§ **Provided information**:
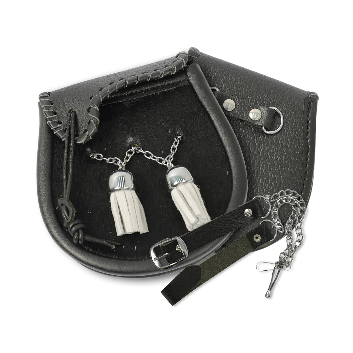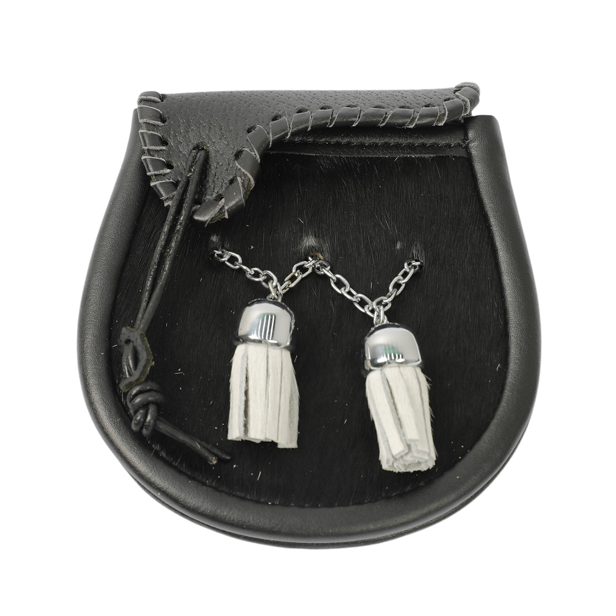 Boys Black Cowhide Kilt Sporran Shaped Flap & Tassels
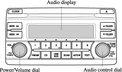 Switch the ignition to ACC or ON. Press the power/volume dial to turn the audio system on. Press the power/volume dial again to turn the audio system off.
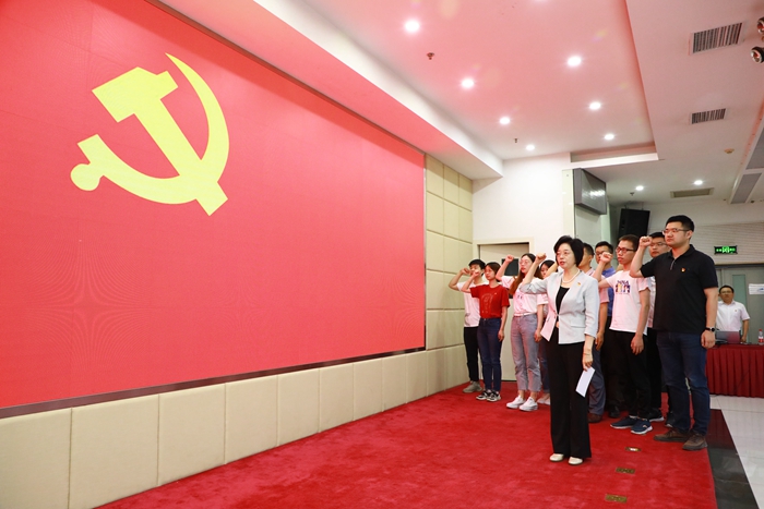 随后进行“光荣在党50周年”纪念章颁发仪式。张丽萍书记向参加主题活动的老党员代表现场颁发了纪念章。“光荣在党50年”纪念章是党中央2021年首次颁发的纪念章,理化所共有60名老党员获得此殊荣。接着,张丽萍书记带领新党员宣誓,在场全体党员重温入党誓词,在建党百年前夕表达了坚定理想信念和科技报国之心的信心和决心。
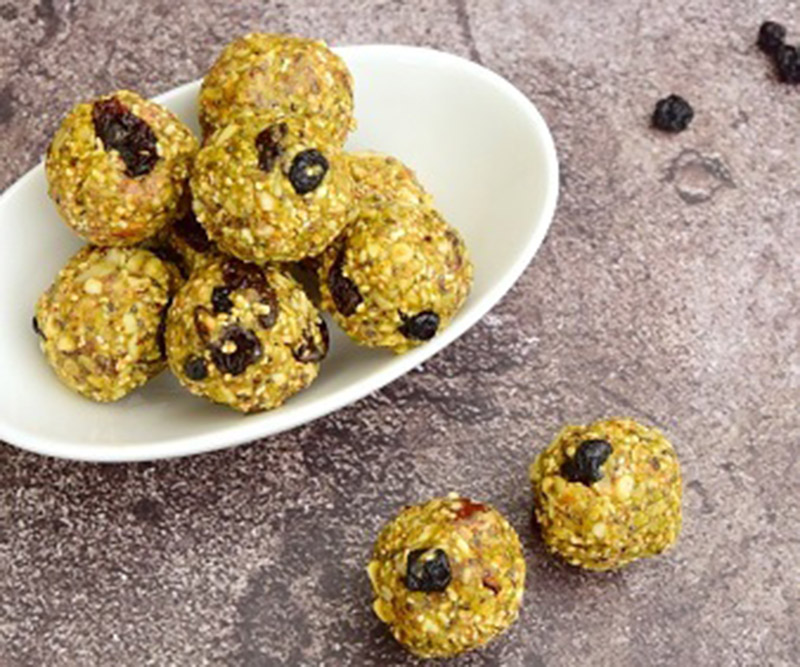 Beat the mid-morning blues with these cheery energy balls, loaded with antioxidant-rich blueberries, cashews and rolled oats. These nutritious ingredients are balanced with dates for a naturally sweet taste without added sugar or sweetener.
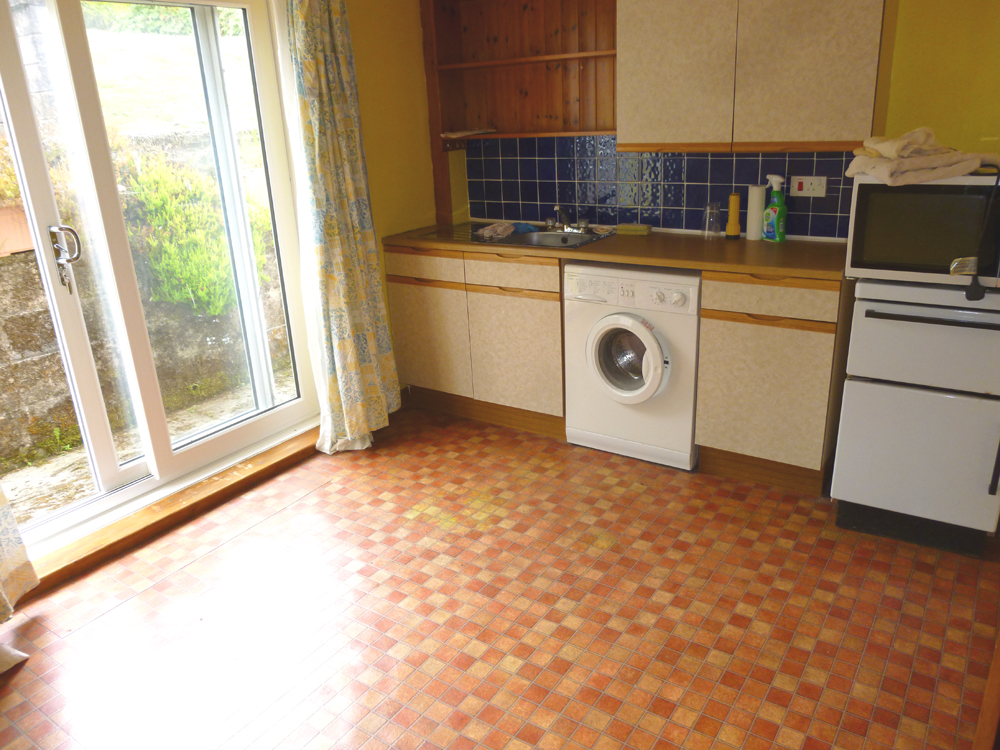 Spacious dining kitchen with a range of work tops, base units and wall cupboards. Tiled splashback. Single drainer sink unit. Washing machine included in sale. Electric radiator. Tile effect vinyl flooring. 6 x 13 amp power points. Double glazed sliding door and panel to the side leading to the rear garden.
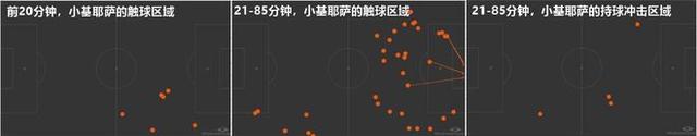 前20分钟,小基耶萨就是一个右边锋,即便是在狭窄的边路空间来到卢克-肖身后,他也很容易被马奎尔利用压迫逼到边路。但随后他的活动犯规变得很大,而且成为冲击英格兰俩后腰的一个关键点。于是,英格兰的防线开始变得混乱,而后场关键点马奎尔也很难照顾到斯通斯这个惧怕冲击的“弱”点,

--

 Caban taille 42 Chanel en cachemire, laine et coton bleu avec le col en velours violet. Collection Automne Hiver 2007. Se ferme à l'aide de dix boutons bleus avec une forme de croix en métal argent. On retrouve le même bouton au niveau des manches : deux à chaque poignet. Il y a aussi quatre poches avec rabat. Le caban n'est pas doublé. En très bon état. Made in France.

--

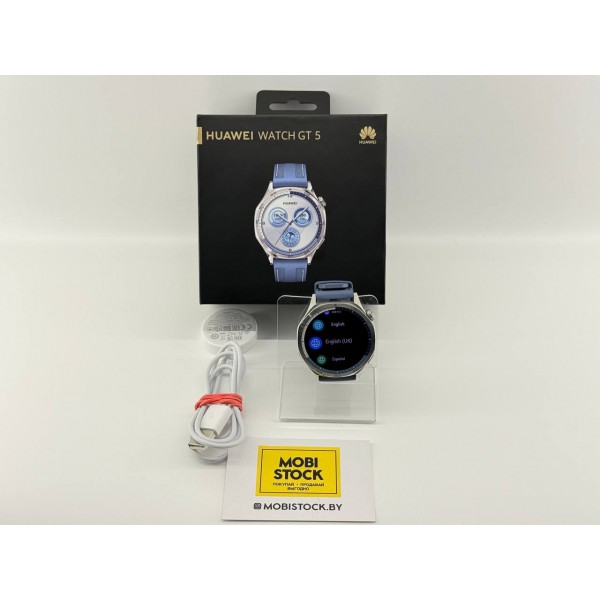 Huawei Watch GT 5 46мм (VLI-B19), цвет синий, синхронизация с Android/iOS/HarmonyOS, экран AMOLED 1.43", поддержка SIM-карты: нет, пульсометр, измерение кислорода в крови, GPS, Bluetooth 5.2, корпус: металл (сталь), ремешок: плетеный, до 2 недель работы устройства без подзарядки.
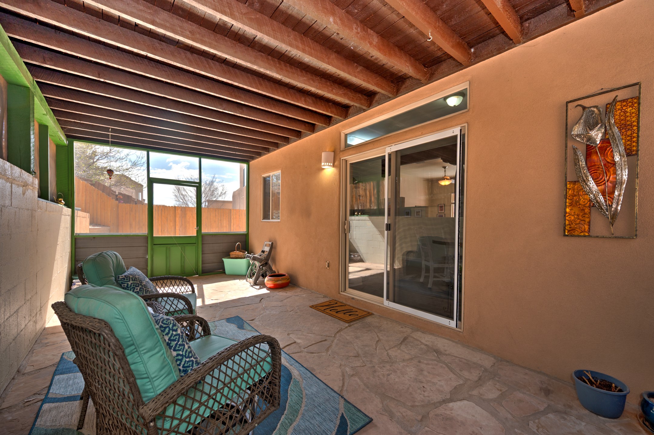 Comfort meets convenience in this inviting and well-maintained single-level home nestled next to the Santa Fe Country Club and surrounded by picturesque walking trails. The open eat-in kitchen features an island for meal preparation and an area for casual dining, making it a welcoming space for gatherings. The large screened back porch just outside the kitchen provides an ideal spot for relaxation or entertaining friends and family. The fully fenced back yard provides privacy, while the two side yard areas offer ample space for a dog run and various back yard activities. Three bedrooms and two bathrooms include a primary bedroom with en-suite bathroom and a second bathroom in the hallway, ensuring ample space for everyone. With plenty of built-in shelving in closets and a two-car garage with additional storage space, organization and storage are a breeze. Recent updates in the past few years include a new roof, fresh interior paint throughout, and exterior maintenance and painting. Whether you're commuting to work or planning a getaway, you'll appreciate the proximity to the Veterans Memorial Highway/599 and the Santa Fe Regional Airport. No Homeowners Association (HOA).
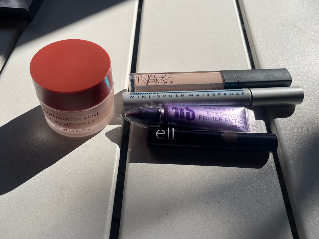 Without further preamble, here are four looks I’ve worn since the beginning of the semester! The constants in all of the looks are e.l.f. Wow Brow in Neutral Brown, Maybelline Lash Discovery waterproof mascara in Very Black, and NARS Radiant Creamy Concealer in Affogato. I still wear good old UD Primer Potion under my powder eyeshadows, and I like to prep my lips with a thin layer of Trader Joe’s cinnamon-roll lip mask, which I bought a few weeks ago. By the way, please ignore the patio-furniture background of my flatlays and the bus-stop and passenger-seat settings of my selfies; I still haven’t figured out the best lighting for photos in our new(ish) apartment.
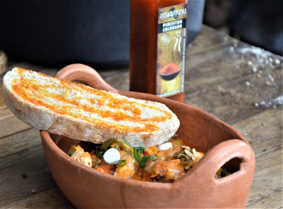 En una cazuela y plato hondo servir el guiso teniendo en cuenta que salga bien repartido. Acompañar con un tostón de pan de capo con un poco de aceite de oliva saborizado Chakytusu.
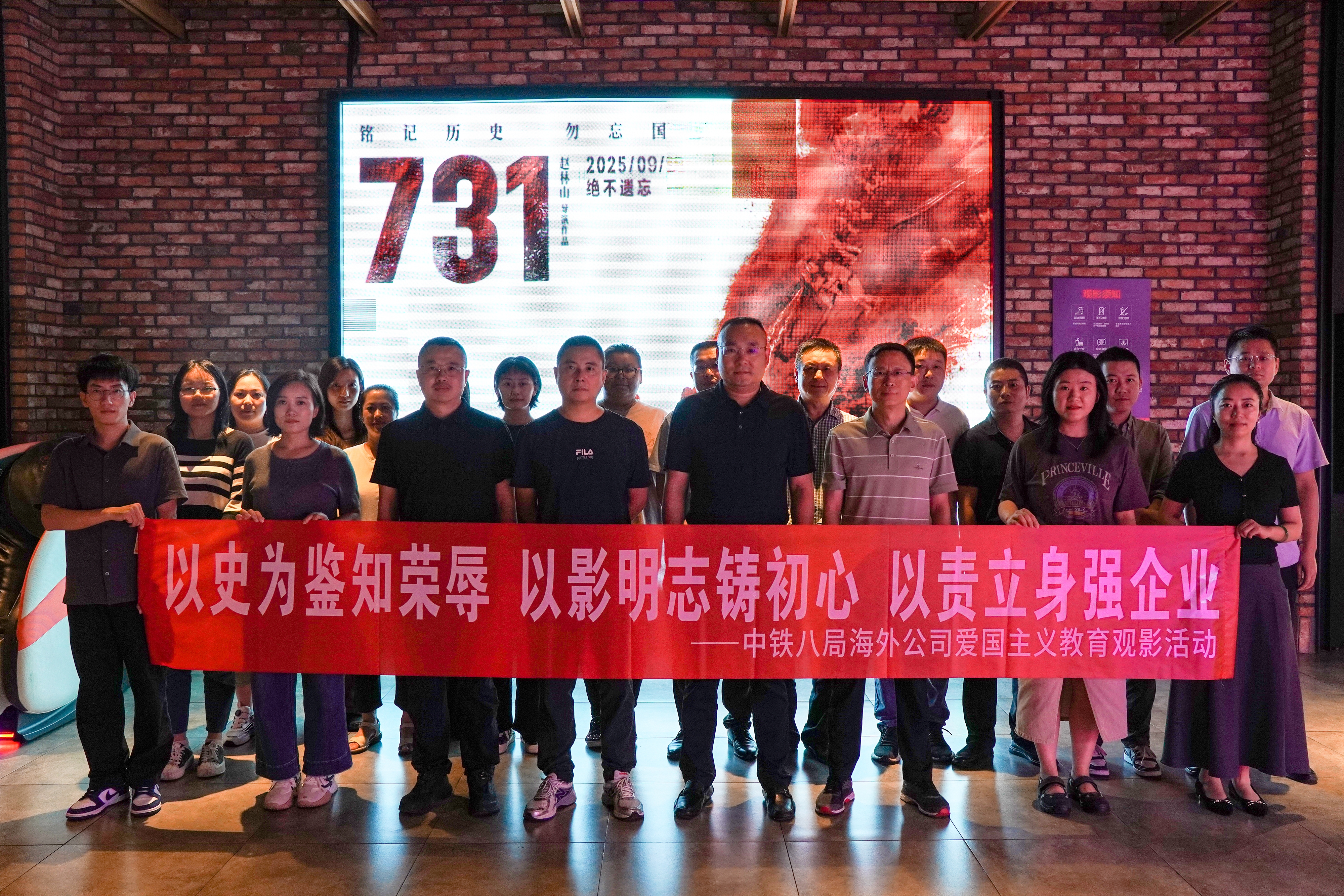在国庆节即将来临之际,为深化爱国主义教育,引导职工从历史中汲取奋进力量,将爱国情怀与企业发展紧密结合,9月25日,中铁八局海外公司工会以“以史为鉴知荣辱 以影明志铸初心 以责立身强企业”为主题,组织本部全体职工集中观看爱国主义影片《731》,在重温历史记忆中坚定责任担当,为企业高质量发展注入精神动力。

§ **Problem description**:
Leaving out each picture, repeat exactly the lines above from the one that contains "Beat the mid-morning" through the one that contains "前20分钟,小基耶萨就是一个".

§ **Task solution**:
 Beat the mid-morning blues with these cheery energy balls, loaded with antioxidant-rich blueberries, cashews and rolled oats. These nutritious ingredients are balanced with dates for a naturally sweet taste without added sugar or sweetener.
 Spacious dining kitchen with a range of work tops, base units and wall cupboards. Tiled splashback. Single drainer sink unit. Washing machine included in sale. Electric radiator. Tile effect vinyl flooring. 6 x 13 amp power points. Double glazed sliding door and panel to the side leading to the rear garden.
 前20分钟,小基耶萨就是一个右边锋,即便是在狭窄的边路空间来到卢克-肖身后,他也很容易被马奎尔利用压迫逼到边路。但随后他的活动犯规变得很大,而且成为冲击英格兰俩后腰的一个关键点。于是,英格兰的防线开始变得混乱,而后场关键点马奎尔也很难照顾到斯通斯这个惧怕冲击的“弱”点,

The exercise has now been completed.